I hope this cold indifference is in the process of thawing. After all, colleagues everywhere have been learning a lesson similar to mine: that students missing classes, or falling asleep in them, are more likely to be working hard and suffering than staying out all night drinking or dancing.
Part of the reason is the increasing pressure students place on themselves as they intensify their investment in their own human capital in an ever more competitive world. It is also about higher education expansion, which has drawn many more students, from more diverse circumstances, into our classrooms but has not delivered the levels of staffing that would allow us to give these new types of student the sympathy and flexibility they need.
Indeed, academics too have been pressured to become ever more productive. We have flipped classrooms, built new efficiencies into larger classes, redesigned assessment and marked essays at a pace that courts hearing claims of wage theft now recognise to be highly improbable. Amid such a maelstrom of activity, it is not surprising that no one noticed that my student needed help.
Still, we ought not to let ourselves entirely off the hook. The history of schooling shows that even as a succession of progressive reformers made high-minded calls for education for all, a popular “school story” genre coalesced around shared classroom experiences of shame and humiliation.
I think it was Ichabod Crane, the schoolmaster in Washington Irving’s The Legend of Sleepy Hollow, who first taught me that teachers were supposed to be punitive.
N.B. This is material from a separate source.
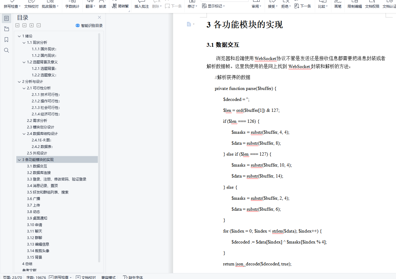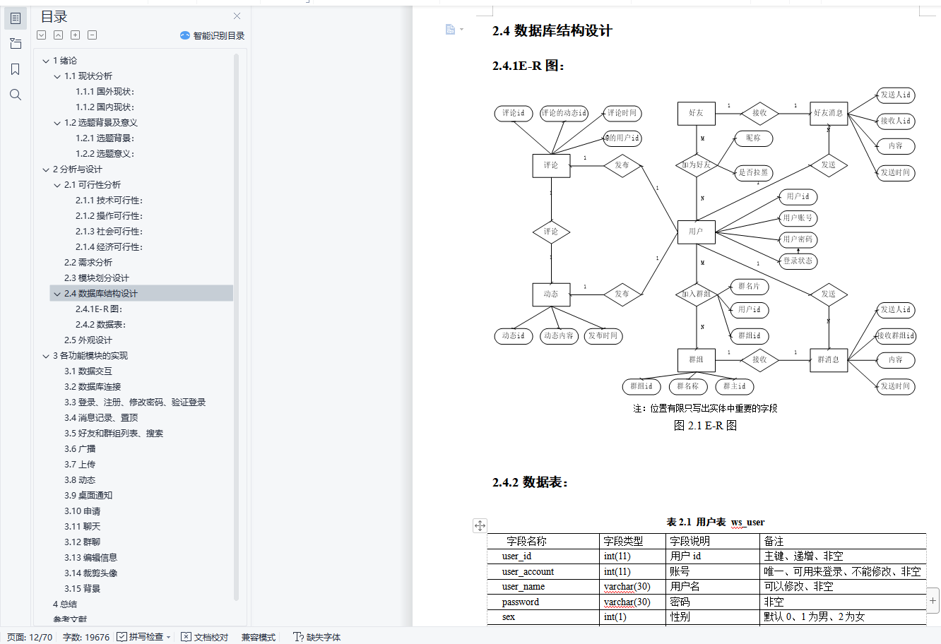 基于vue的实时交流平台的设计与实现摘要随着互联网的发展和智能手机的普及,人们在网络上聊天通讯已成为日常,通常情况下我们会在电脑端安装客户端和在手机安装app聊天,但如果在没有聊天软件时需要紧急通信只能花费时间和流量下载软件,而这时如果有像微信网页版这样的web端应用就可以解决问题了。所以我想做一个像微信网页版的实时交流平台。使用Vue.js开发出web端的实时交流平台,可以进行一对一聊天、多人群聊,聊天可以发送文字、表情、小文件,用户可以修改添加基本信息、签名、修改裁剪头像,用户可以创建群聊搜索其他用户来增删自己的好友和群组成员,还有发布动态让好友了解自己当时的动态想法。页面设计采用响应式网页设计,智能地根据用户行为以及使用的设备环境进行相对应的布局。关键词:实时交流;Vue;WebSocket;PHPDesign and implementation of real-time communication platform based on vueABSTRACTWith the development of the Internet and the popularity of smartphones, people chat on the Internet has become a daily routine. Usually, we will install the client on the computer and install the app on the mobile phone, but if there is no chat software, urgent communication is needed. It can take time and traffic to download software, and if there is a web-side application like WeChat web version, it can solve the problem. So I want to be a real-time communication platform like WeChat web version.Using Vue.js to develop a real-time communication platform on the web side, one-to-one chat, multi-group chat, chat can send text, expressions, small files, users can modify to add basic information, signature, modify cropped avatar, users can create groups Chat to search for other users to add and delete their friends and group members, as well as release dynamics to let friends know their dynamic ideas at the time. The page design uses a responsive web design that intelligently maps to the user's behavior and the device environment used.Key words:Real-time communication;Vue;WebSocket;PHP目 录1绪论 11.1现状分析 11.1.1国外现状: 11.1.2国内现状: 11.2选题背景及意义 11.2.1选题背景: 11.2.2选题意义: 22分析与设计 22.1可行性分析 22.1.1技术可行性: 22.1.2操作可行性: 52.1.3社会可行性: 52.1.4经济可行性: 52.2需求分析 52.3模块划分设计 62.4数据库结构设计 72.4.1E-R图: 72.4.2数据表: 72.5外观设计 123各功能模块的实现 183.1数据交互 183.2数据库连接 203.3登录、注册、修改密码、验证登录 263.4消息记录、置顶 303.5好友和群组列表、搜索 343.6广播 373.7上传 403.8动态 413.9桌面通知 453.10申请 473.11聊天 493.12群聊 523.13编辑信息 553.14裁剪头像 573.15背景 604总结 62参考文献 64致谢 65附录 66
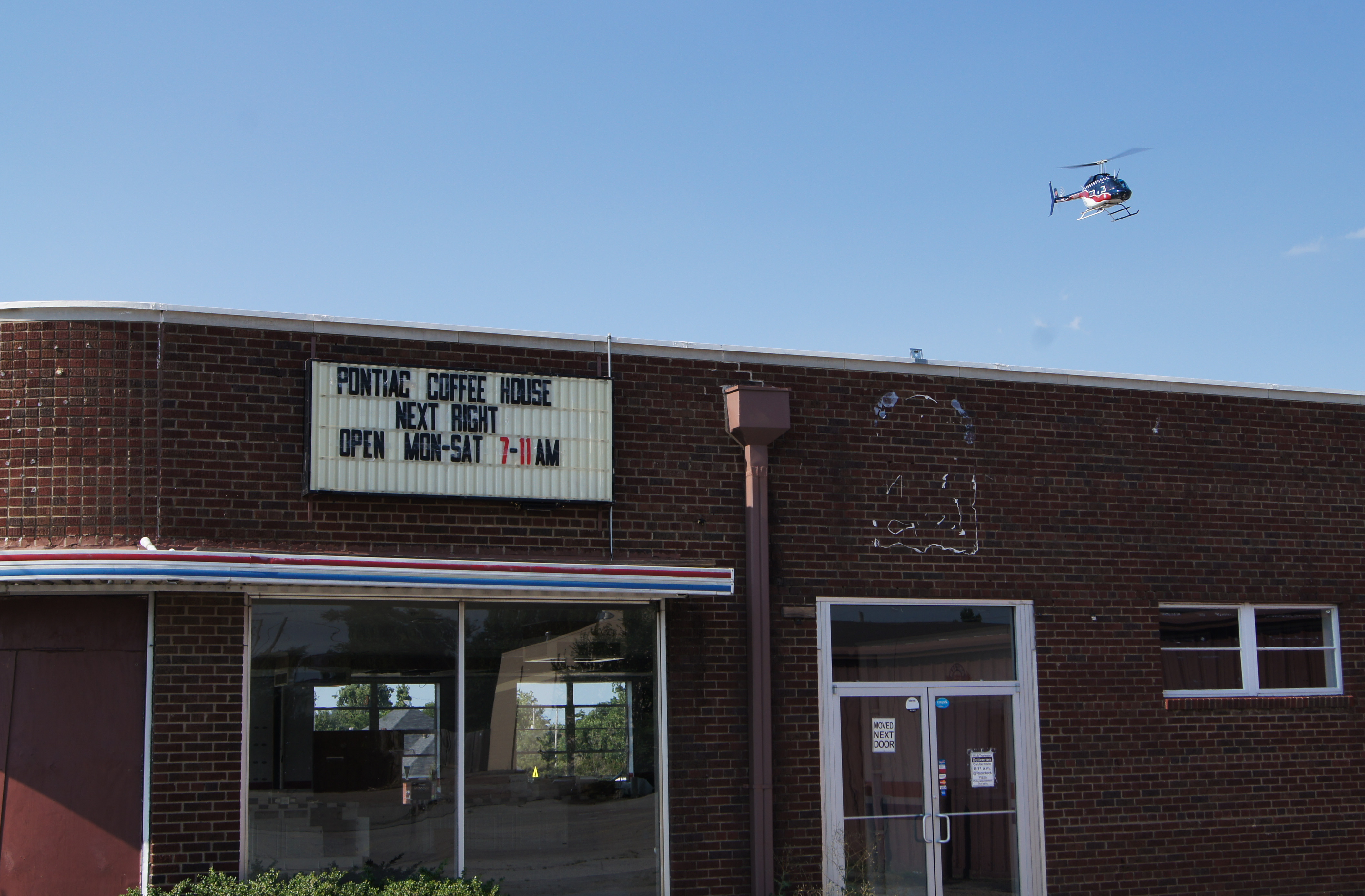 I’m standing in the Pontiac’s parking lot. A man in a red Dodge Ram drives up and stops directly in front of me and my camera, blocking my view right as I am about to press the shutter. He asks if I’m lost.

Born into a home with few books that would be considered literature, as a small child I devoured my father’s 1950s Illustrated Classics, in which the actual texts were abridged into comic book-style speech bubbles. Having clarified with my dad what “et tu, Brute?” meant in Shakespeare’s Julius Caesar, the next line I remember asking about was “spare the rod and spoil the child”, the biblical maxim subscribed to by Crane.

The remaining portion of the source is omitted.